The problem:
Output, exactly as written, the lines below starting at the line containing "Looking ahead, we’re" and ending at the line containing "Step10 : 攪拌完成再將可可面糊倒入蛋白霜,再用攪拌器用切半的手法混合均勻". Drop the pictures and keep both end lines.

Entries provided:
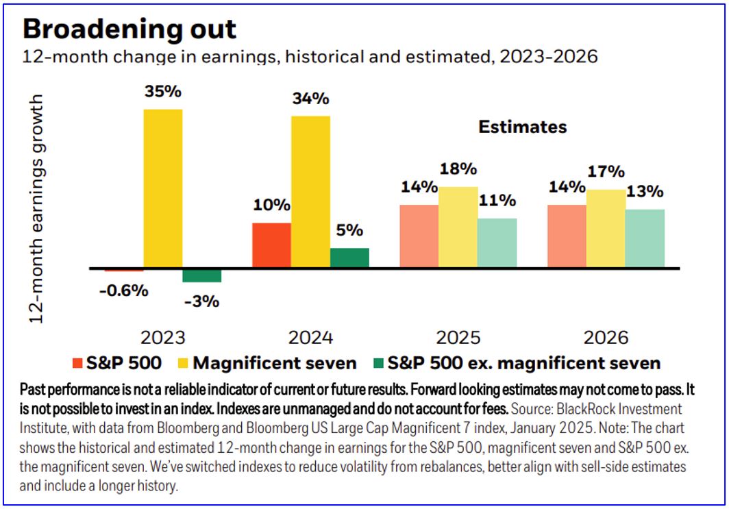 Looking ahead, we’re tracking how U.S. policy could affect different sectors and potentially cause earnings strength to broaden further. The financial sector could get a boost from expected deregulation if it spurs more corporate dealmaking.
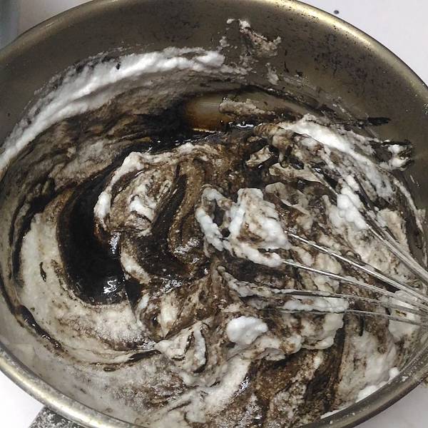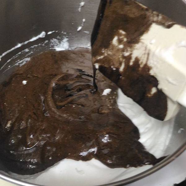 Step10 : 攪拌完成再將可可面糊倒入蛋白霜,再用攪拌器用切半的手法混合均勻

---

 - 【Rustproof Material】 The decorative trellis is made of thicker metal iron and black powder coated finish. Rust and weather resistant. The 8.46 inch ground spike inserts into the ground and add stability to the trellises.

==

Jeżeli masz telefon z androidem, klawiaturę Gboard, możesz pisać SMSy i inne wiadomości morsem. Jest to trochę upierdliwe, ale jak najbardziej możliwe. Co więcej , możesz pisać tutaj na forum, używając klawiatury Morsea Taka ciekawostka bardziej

Result:
 Looking ahead, we’re tracking how U.S. policy could affect different sectors and potentially cause earnings strength to broaden further. The financial sector could get a boost from expected deregulation if it spurs more corporate dealmaking.
 Step10 : 攪拌完成再將可可面糊倒入蛋白霜,再用攪拌器用切半的手法混合均勻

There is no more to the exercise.